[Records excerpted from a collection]
* * * * *
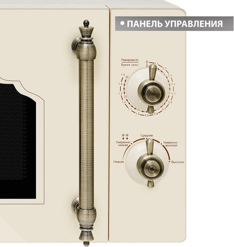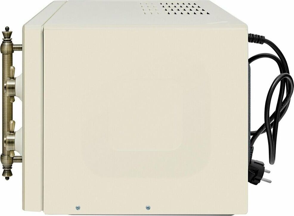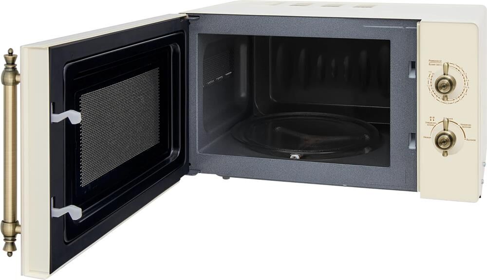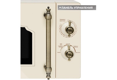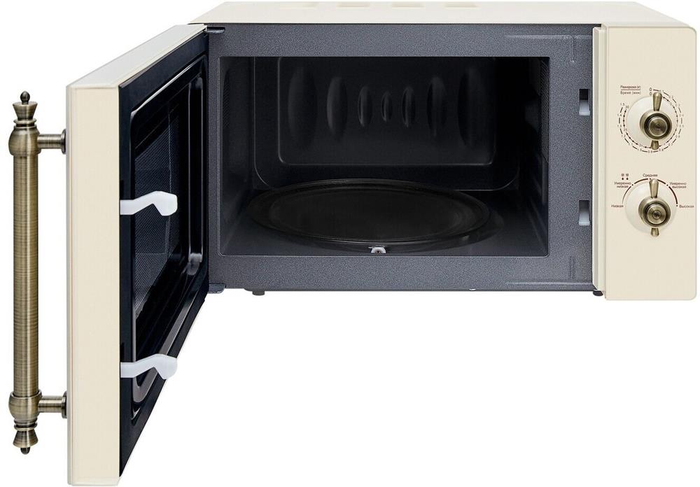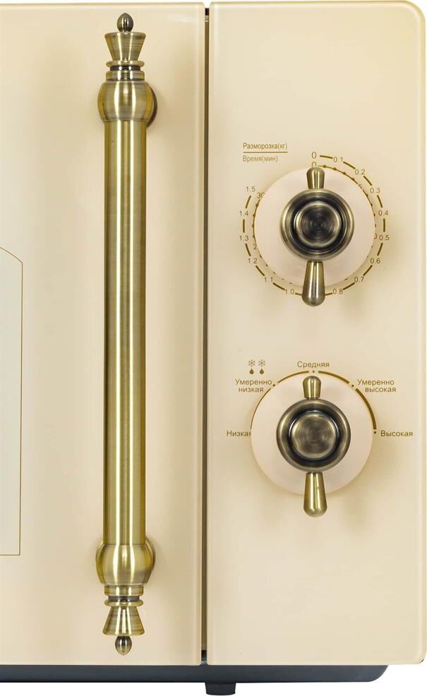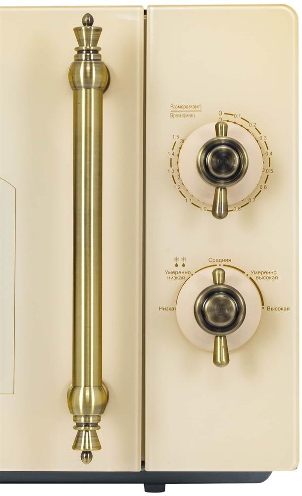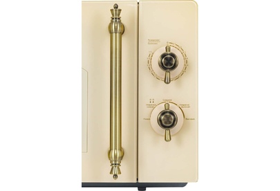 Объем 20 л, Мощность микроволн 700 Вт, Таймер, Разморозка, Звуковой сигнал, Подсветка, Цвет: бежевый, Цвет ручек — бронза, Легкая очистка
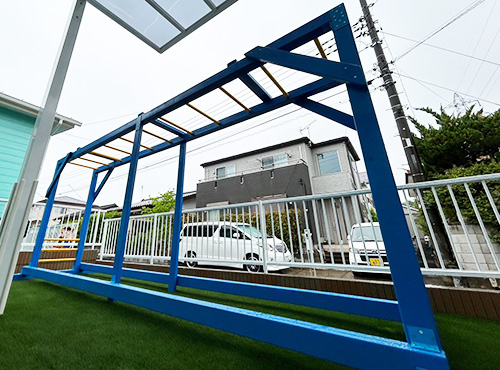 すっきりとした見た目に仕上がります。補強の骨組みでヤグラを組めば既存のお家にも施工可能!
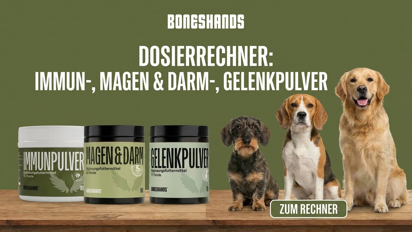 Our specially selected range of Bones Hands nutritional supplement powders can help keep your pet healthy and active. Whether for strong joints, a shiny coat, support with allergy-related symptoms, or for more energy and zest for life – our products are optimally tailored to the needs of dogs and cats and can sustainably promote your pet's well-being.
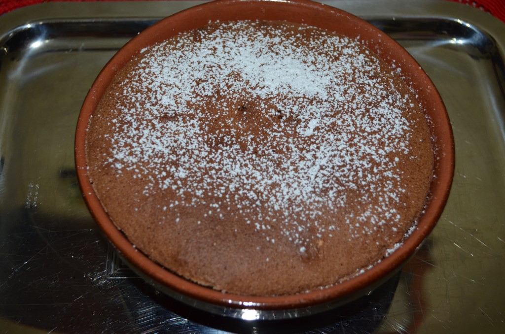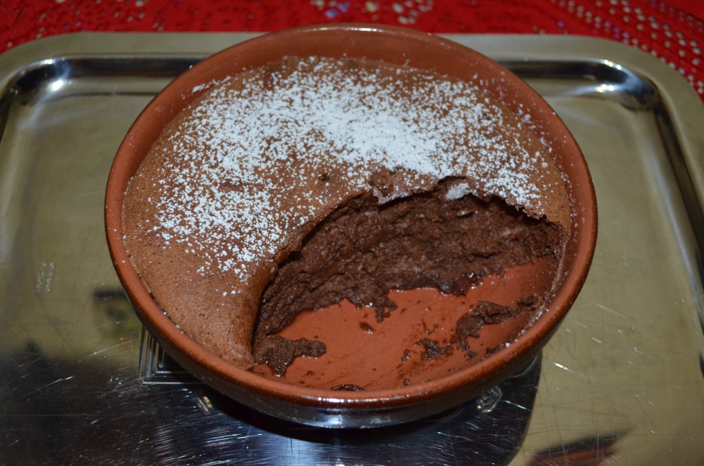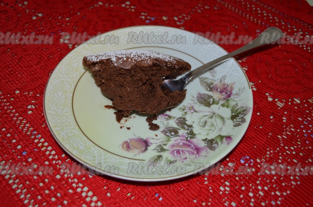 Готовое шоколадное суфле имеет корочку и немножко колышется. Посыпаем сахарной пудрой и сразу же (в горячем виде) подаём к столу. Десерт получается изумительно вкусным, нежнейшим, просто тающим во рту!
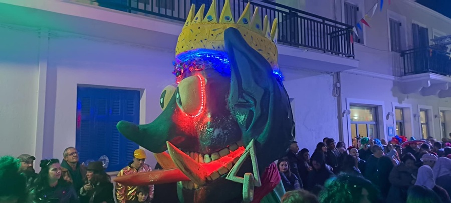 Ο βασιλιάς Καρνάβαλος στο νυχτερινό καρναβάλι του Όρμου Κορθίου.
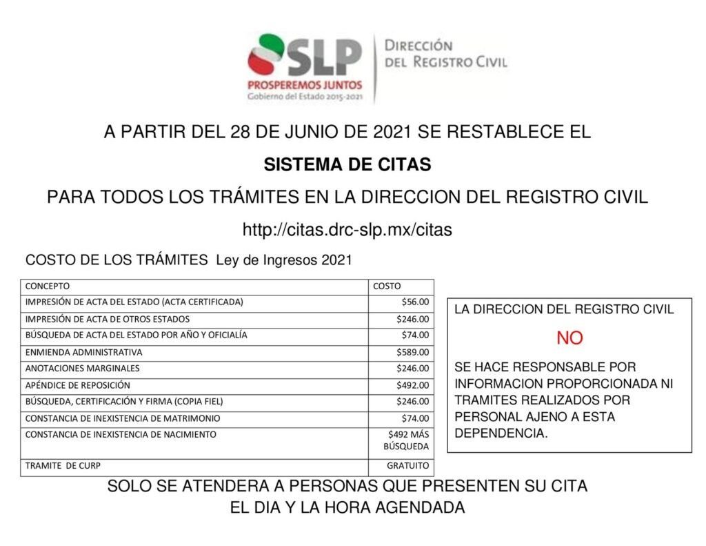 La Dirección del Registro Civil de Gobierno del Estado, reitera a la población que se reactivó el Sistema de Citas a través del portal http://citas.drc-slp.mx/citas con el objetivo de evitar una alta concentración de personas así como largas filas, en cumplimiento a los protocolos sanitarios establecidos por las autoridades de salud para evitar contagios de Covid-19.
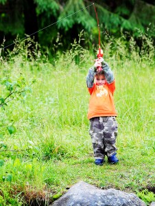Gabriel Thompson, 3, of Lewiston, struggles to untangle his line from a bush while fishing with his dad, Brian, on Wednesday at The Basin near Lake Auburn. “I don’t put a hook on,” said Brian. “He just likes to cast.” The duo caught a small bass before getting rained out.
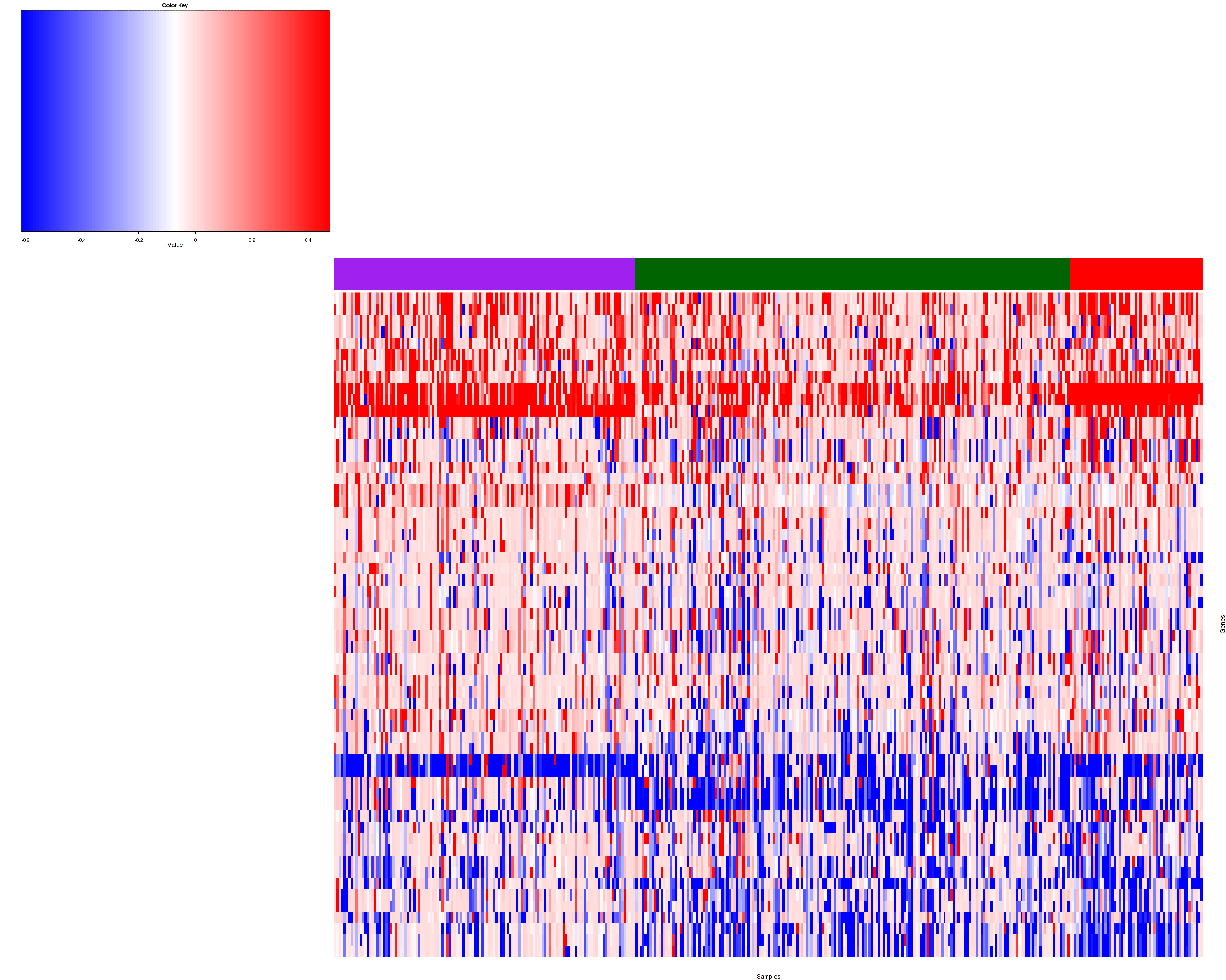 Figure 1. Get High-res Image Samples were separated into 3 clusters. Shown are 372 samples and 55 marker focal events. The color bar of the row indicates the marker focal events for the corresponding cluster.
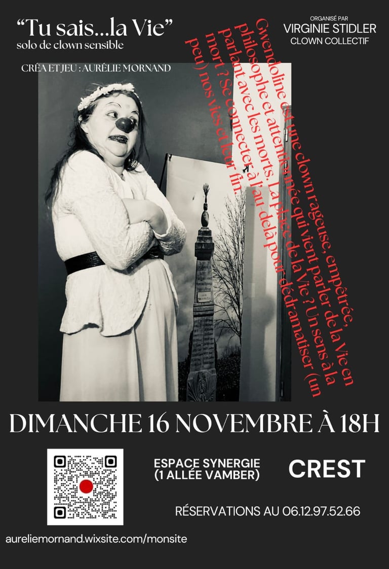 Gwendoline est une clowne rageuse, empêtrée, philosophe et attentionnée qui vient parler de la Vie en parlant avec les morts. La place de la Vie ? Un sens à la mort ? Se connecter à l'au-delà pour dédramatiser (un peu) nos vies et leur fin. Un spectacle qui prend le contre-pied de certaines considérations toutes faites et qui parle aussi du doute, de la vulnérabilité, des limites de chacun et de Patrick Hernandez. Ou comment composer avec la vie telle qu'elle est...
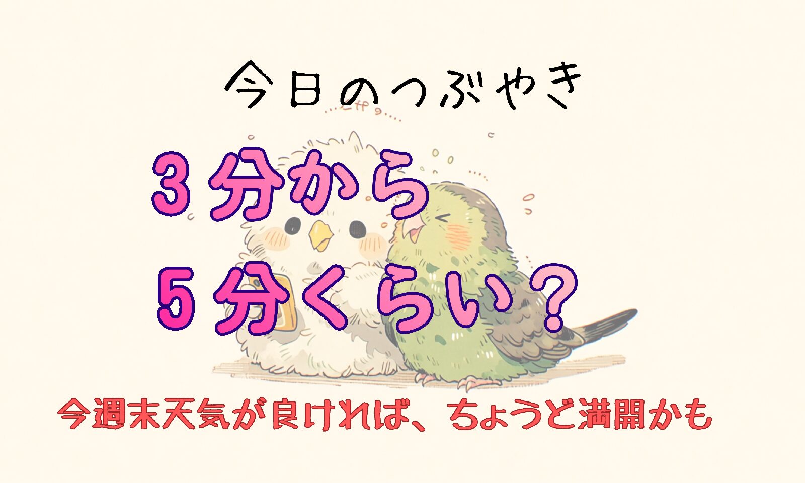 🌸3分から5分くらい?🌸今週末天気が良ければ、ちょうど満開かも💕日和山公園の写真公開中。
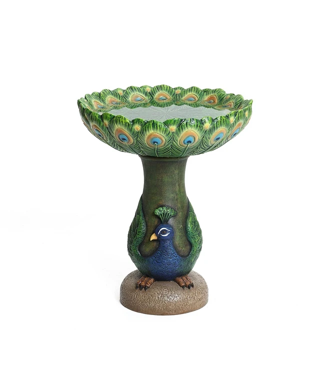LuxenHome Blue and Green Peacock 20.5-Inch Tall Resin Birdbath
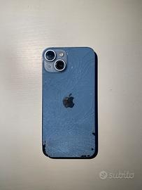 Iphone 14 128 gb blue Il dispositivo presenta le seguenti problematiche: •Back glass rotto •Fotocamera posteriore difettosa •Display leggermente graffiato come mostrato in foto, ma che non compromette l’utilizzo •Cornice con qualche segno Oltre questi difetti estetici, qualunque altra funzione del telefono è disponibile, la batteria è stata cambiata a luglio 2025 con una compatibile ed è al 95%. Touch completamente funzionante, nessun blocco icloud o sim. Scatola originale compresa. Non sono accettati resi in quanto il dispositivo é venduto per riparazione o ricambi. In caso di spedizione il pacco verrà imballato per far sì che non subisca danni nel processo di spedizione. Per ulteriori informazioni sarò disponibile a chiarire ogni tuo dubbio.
* * * * *
## Your task
In the answer, repeat exactly the lines from the top of the entries above through the line with "Ο βασιλιάς Καρνάβαλος", and leave pictures out of it.

## Answer area
 Объем 20 л, Мощность микроволн 700 Вт, Таймер, Разморозка, Звуковой сигнал, Подсветка, Цвет: бежевый, Цвет ручек — бронза, Легкая очистка
 すっきりとした見た目に仕上がります。補強の骨組みでヤグラを組めば既存のお家にも施工可能!
 Our specially selected range of Bones Hands nutritional supplement powders can help keep your pet healthy and active. Whether for strong joints, a shiny coat, support with allergy-related symptoms, or for more energy and zest for life – our products are optimally tailored to the needs of dogs and cats and can sustainably promote your pet's well-being.
 Готовое шоколадное суфле имеет корочку и немножко колышется. Посыпаем сахарной пудрой и сразу же (в горячем виде) подаём к столу. Десерт получается изумительно вкусным, нежнейшим, просто тающим во рту!
 Ο βασιλιάς Καρνάβαλος στο νυχτερινό καρναβάλι του Όρμου Κορθίου.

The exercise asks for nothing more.